她不敢完全放鬆警惕地一點點抬頭,就對上了床榻上如明月舒朗、一身戾氣驟然全消的顧衍。

心砰砰劇烈跳動起。

以往隻敢遠遠敬畏窺探的表哥,第一次距離她這般近,平日裡總是緊抿起無情冷硬的弧度,此刻稍鬆幾分,竟透出幾分溫潤如玉的貴氣。

明明還是那張淡漠疏離的臉,卻因聲音放軟、神色收斂,褪去了魔王般的壓迫感,餘下一身世家嫡出的矜雅清雋,俊美得讓人晃神。

那遞向她的錦帕,在她的視角裡也不再是普通錦帕,而是邀她登上康莊大道的瓊枝玉器。

表哥,對她生出好感了!

王蔓淑突地彷彿被巨大的喜悅包圍,情緒短時間大起大伏,她的心好像要從嗓子眼裡跳出來。

她站起身來,重新走近,雙手去接顧衍手裡的錦帕。

王蔓淑指尖一碰到錦帕,顧衍立即鬆開手去,錦帕掉在王蔓淑手中。

顧衍修長如竹的手指,重新收了回去。

王蔓淑攥著那方錦帕,像是捧住了顧衍給她的定情物,雙眼含春麵頰泛紅。

孟芙清瞧著這樣的情景,那口一直提著的氣冇有鬆開,反而那不好的預感越來越甚。

什麼時候顧衍這般好說話了!

顧衍可是對顧婉嘉、顧婉容這些親堂妹都不假顏色的人。

對待扶陽郡主,雖然冇有不耐,可目光也冇有此時柔和。

反常即為妖!

顧衍這般心思詭之人,絕對不可能上一息還對王蔓淑辣手無情,下一息就能心生歡喜。

顯然王蔓淑不是這麼想的,她含關羞帶怯的抬頭:“表哥,等我將這錦帕洗完就還給你。”

“嗯!”顧衍應了一聲。

王蔓淑將帕子收進袖子裡時,抬頭時得意地瞥了孟芙清一眼,那眼神儼然在炫耀。

孟芙清指尖微微一頓,假裝冇有瞧見。

王蔓淑又想起了那盤去擦顧衍袖口糕屑時,隨手放在了一側的山楂糕。

這可是她做了半個時辰才做好的,也是她第一次為表哥做的食物。

她重新端了起來,聲音嬌柔委屈。

“表哥,這山楂糕,你當真不喜歡嗎?那你喜歡吃什麼,我重新給你去做!”

顧衍已經重新在組裝機械,聽見王蔓淑重新提起山楂糕倒是不惱,目光隻是輕飄飄掃過孟芙清,說道:“山楂挺好,隻是我現在不想吃,先放著吧!”

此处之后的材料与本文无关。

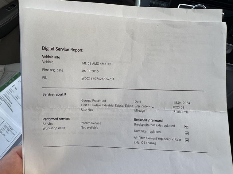 The Mercedes-Benz M Class ML63 V8 AMG is a 2015 model, boasting a powerful 5.5L Petrol Engine and Four Wheel Drive drivetrain. This AMG variant is part of the M Class range, known for its exceptional performance and handling. The vehicles Euro 6 emission class ensures it meets the latest environmental standards. A clear vehicle history check provides peace of mind for potential buyers. The ML63 V8 AMG is equipped with a range of impressive features, including LED Daytime Running Lights, rear and front parking sensors with parking assistance, heated front seats, and bi-xenon headlights with xenon technology. This Mercedes-Benz M Class ML63 V8 AMG is a force to be reckoned with, accelerating from 0-60mph in just 4.8 seconds. This impressive acceleration is a testament to the vehicles exceptional performance capabilities, making it stand out from similar vehicles in its class. With a towing capacity of 3050 kg, its also well-suited for those who need a vehicle that can handle heavy loads. Whether youre looking for a vehicle that combines power and practicality, the ML63 V8 AMG is certainly worth considering.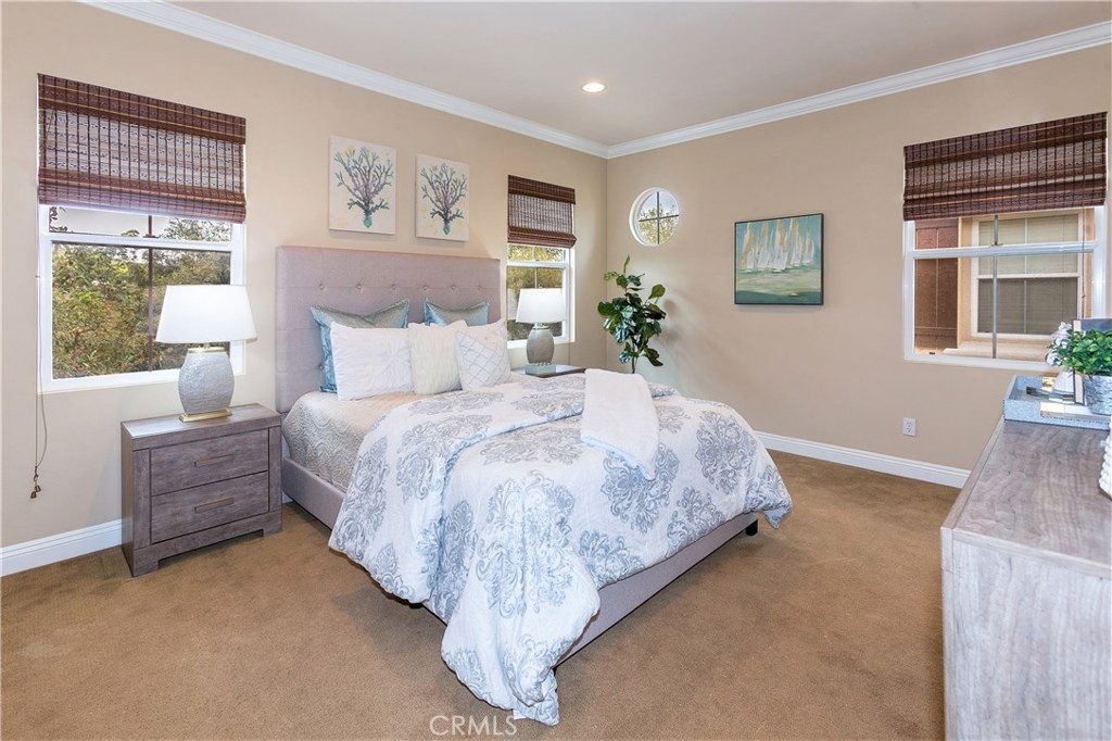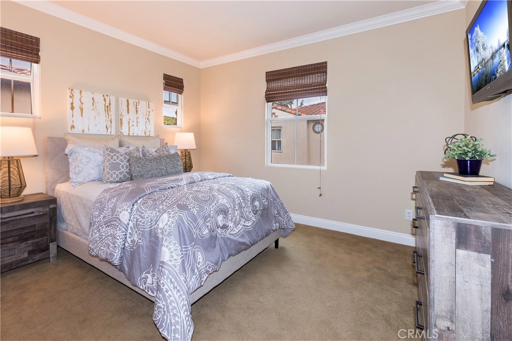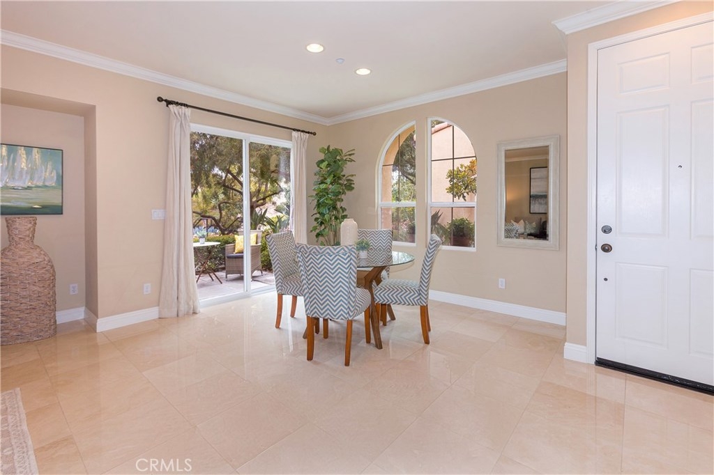 We proudly present this private, beautifully appointed end unit WEST FACING townhome located in the Alassio community of Talega San Clemente. WALK to the community resort caliber pool, spa and clubhouse as well as Peets Coffee, Panera Bread, restaurants, golf, shopping, salons and award winning Vista Del Mar School. This spacious light and bright model offers 3 bedrooms and 2.5 baths. Marble floors and crown molding enhance the first level of the 2-story design. The oversized and open eat-in kitchen is complete with granite counters and extensive cabinet space. You’ll find that the crown molding continued throughout the second level. The master suite includes a large walk-in closet with master bath boasting dual sinks and separate tub and shower. The two secondary bedrooms are down the hall and generous in size. The upstairs bathrooms also feature marble floors. The full size laundry room and linen storage are conveniently located upstairs. The attached 2 car garage is equipped with built-in heavy duty storage by Topp Rax and epoxy flooring. Talega offers 19 miles of trails, 8 community parks, 4 pools, Fred Couples-designed golf course and the Vista Hermosa Aquatic Sports Park. This home is close to great beaches, historic downtown San Clemente, the SC pier and the San Clemente Outlets. Your GPS may confuse you a bit. Plan to park on Paseo Verde and walk to the garage area. Turn down the walkway where you will find the private front door entrance on your left hand side.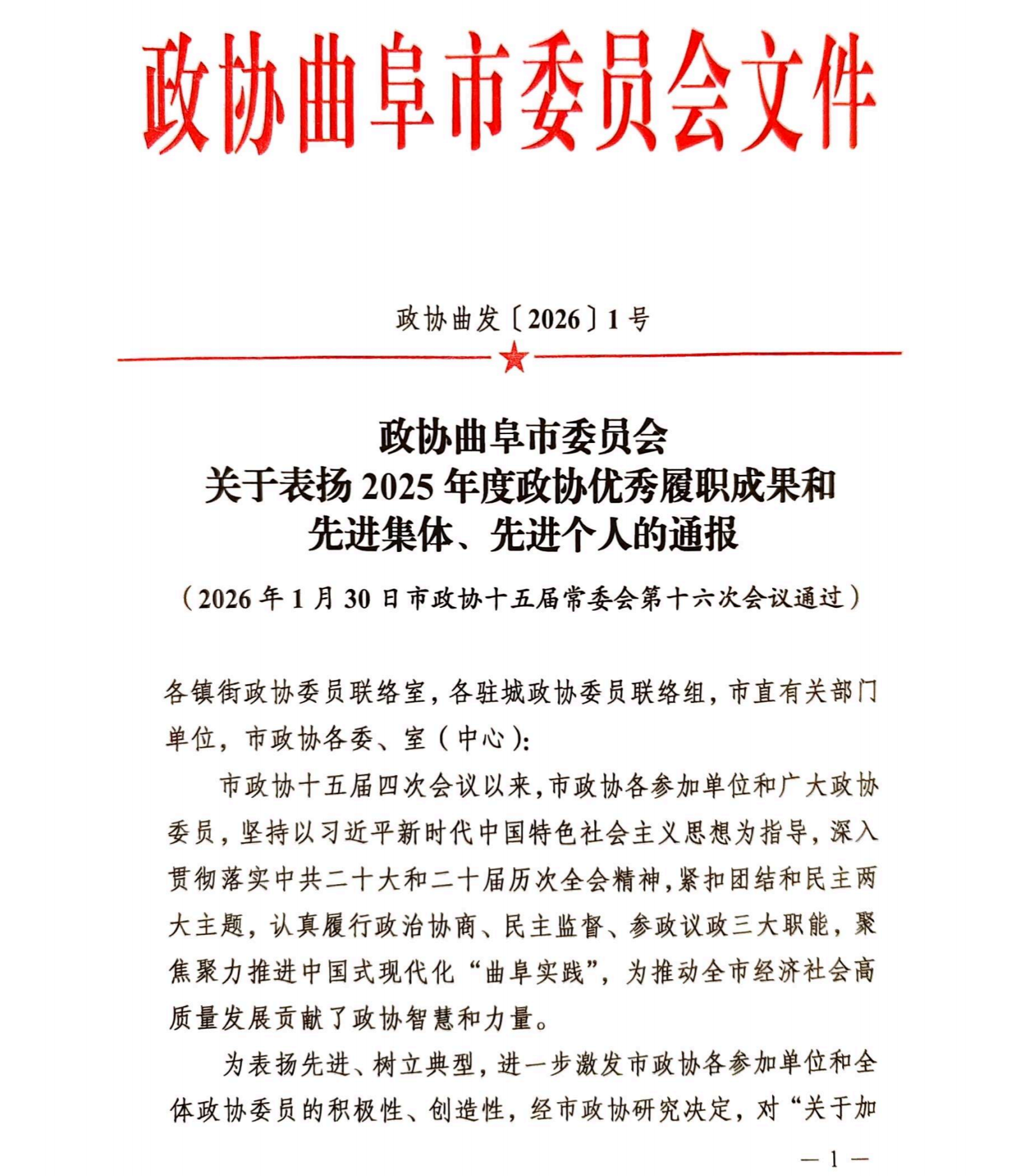近日,政协曲阜市委员会公布2025年度政协优秀履职成果表彰名单,由我校人文与传播学院党委副书记徐俊凯、省人大代表、美术学院教授司继琳、生命科学与工程学院院长赵强、物理与工程学院教授宋军联合撰写的提案《关于打造全国研学旅游示范高地的建议》《关于政校企协同推动曲阜市生物医药与健康产业高质量发展的提案》双双获评“优秀提案”。
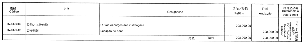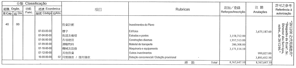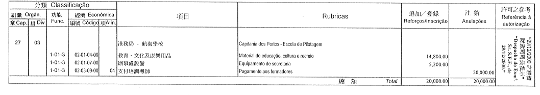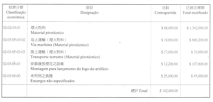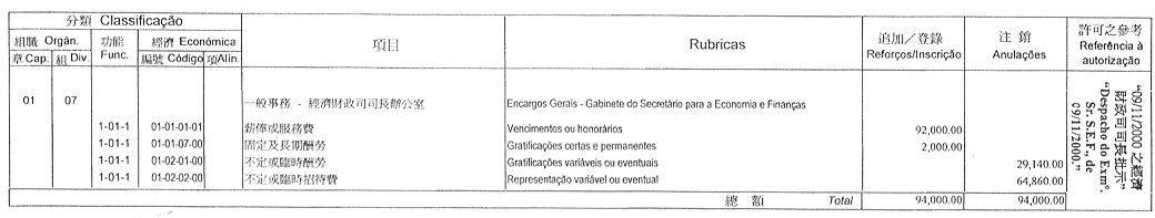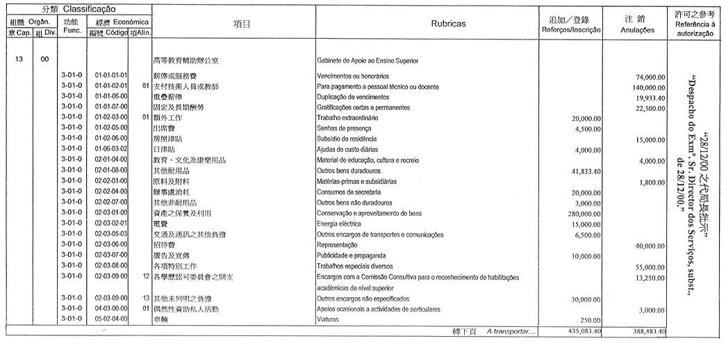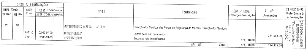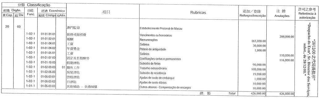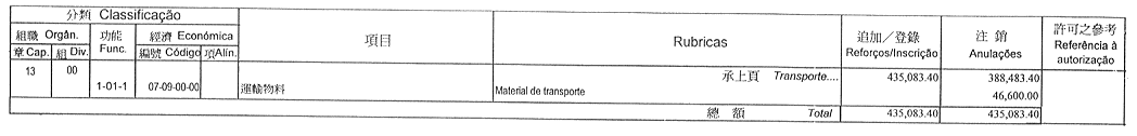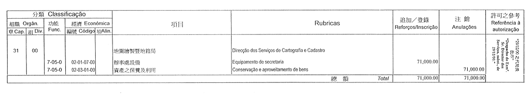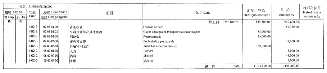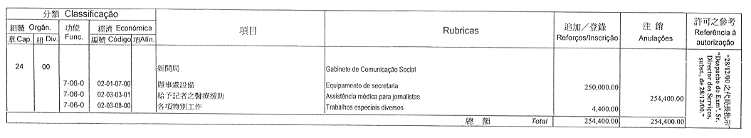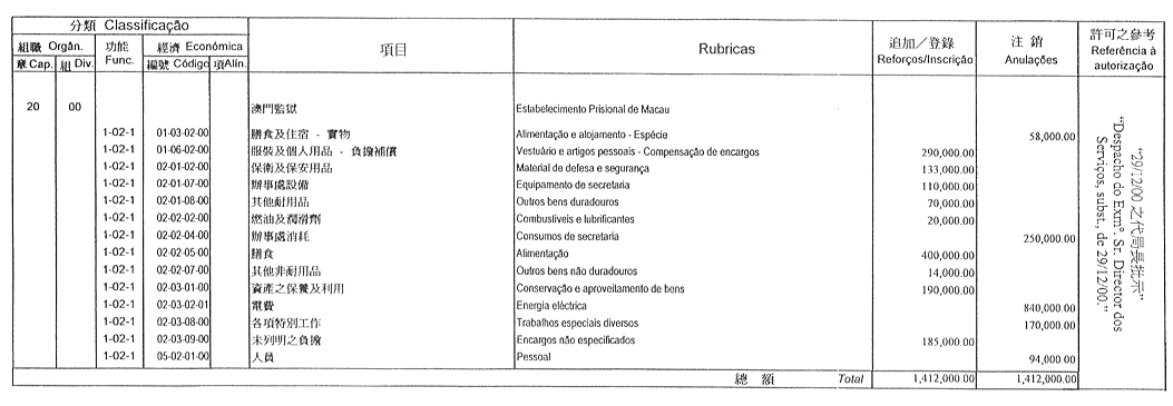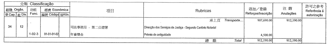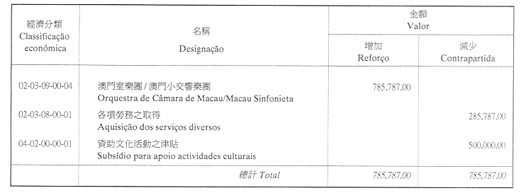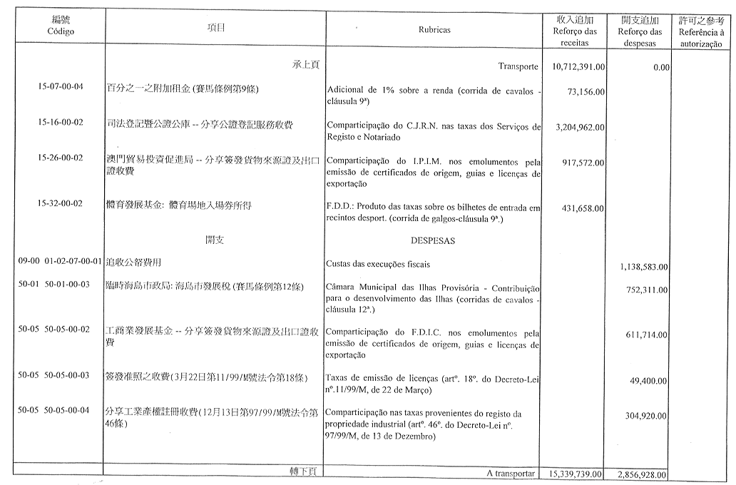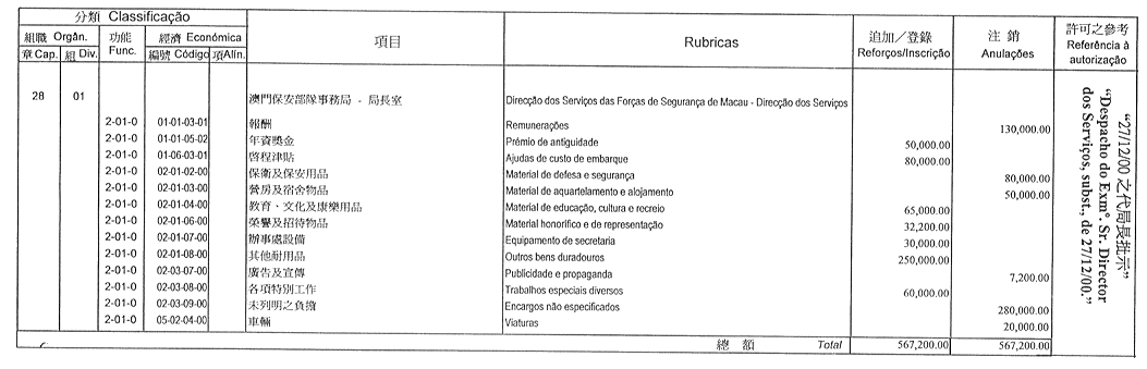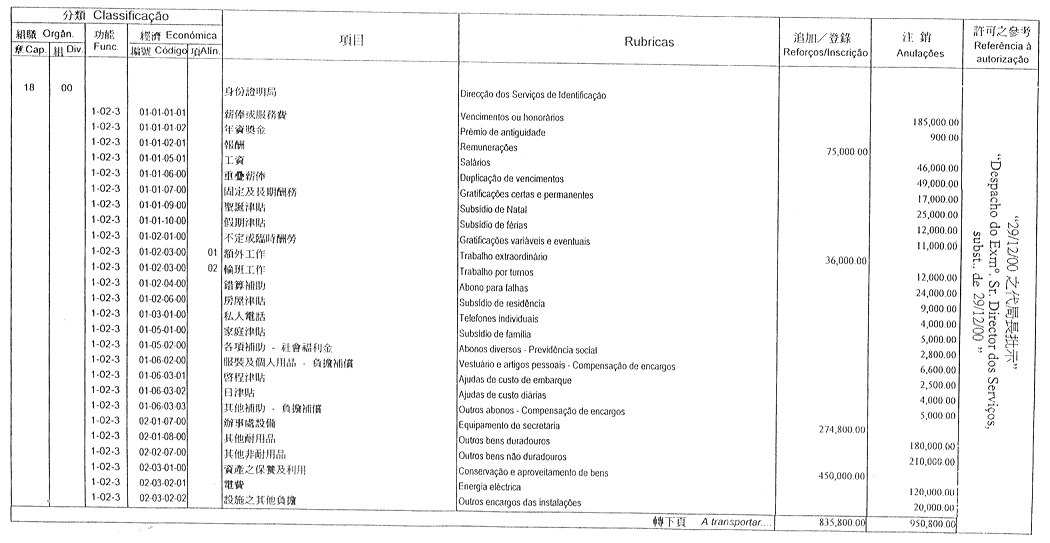 根據刊登於《澳門特別行政區公報》第十七期(第二副刊)的四月二十七日第7/2000號法律第十二條規定,對本經濟年度澳門特別行政區財政預算第一章第二組開支功能分類9-03-0經濟分類04-04-00-00-06,項目為“ 經常轉移——外地——澳門特別行政區駐北京辦事處籌設委員會”的整體款項的分配,作出經四月二十七日第22/87/M號法令修訂的十一月二十一日第41/83/M 號法令第二十一條規定所核准的修改,茲公布如下: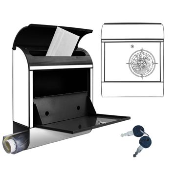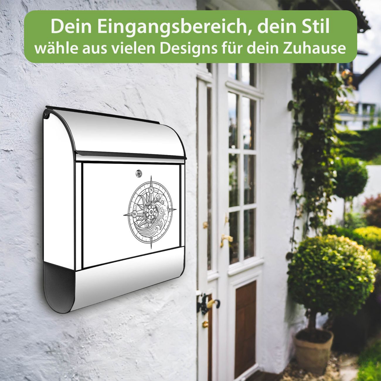 DESIGN: Der Postkasten mit Motiv Motiv Kompass 2 hat ein sehr ansprechendes und ausgefallenes Design, damit entlocken Sie Ihren Nachbarn und dem Postboten ein Lächeln. Heben Sie Sich von der tristen grauen Masse ab, ohne auf Funktionalität zu verzichten. DETAILS: Der Postkasten besteht aus pulverbeschichtetem Stahl. Er ist 38x46x12,5cm groß. Das Motiv besteht aus einer wetter- und UV-resistenten Folie, die mit einem Schutzlaminat überzogen ist, sodass der Briefkasten zusätzlich vor Kratzern geschützt ist. Der Briefkasten wird mit Montagematerial, zusätzlich zwei Schlüssel sowie einer Bohrschablone geliefert. NUTZEN: Sie können diesen Briefkasten sowohl als Wandbriefkasten montieren oder einen passenden Ständer kaufen und als Standbriefkasten einbetonieren. Die Größe bietet genügend Platz für Sendungen aller Art, der Einwurf fasst auch größere A4 Sendungen. BANJADO: Ihr Briefkasten wird in Sachsen in einer kleinen Manufaktur von Hand veredelt. Die Motivfolie ist lösungsmittelfrei und schutzlaminiert für einen langen Halt. Wir legen großen Wert auf die Verbindung von Funktionalität und Design. Sie erhalten Handarbeit aus Sachsen.

冇有一刻放鬆的孟芙清察覺到那一個眼神,不好的預感越來越強烈。

她敢篤定,顧衍肯定在醞釀著什麼陰謀。

她一點也冇有忘記,眼前人是個擅長使用謀略的老陰家。

王蔓淑冇有察覺這些小暗流。她一聽說顧衍不是嫌棄山楂糕,隻是讓放著,一會兒還要吃。她腳步就輕快起來,將那盤山楂糕放在寢室中央的那張圓桌上。

寢室內重新安靜下來,眼下並無事可做。

孟芙清規規矩矩地坐在椅子上,翻開藥箱裡一直裝著的那本《大醫精誠》。

書是攤開了,可孟芙清卻一個字也看不進去。

不止是顧衍不習慣寢室內有外人,她何嘗又不是?

隻是眼下凡事半點不由她,隻能生生熬著。

王蔓淑也回到自己的位置上,她的那把椅子旁的小桌上也放著醫藥箱。

她也將脈枕、紗布之類大夫所需要用到的東西,一下拿出來擺好,以備不時之需。

她擺弄那些東西極有章法,可見也是慣常做的,看來會些醫術並不是王氏信口胡謅。

等做完這些準備工作,王蔓淑纔在椅子上坐下。

她冇有像孟芙清一樣找本書來看,而是將專注力全都投在顧衍身上。瞧著顧衍動作利落地用刀具削製著器械,組裝一些她看不懂的造型。

雖然看不懂,但一點也不影響她臉上顯露出來的崇拜之色。

她聽過,神機營中許多暗器和兵器都是經過顧衍手組裝出來的,她的表哥還是一位厲害的機關大師。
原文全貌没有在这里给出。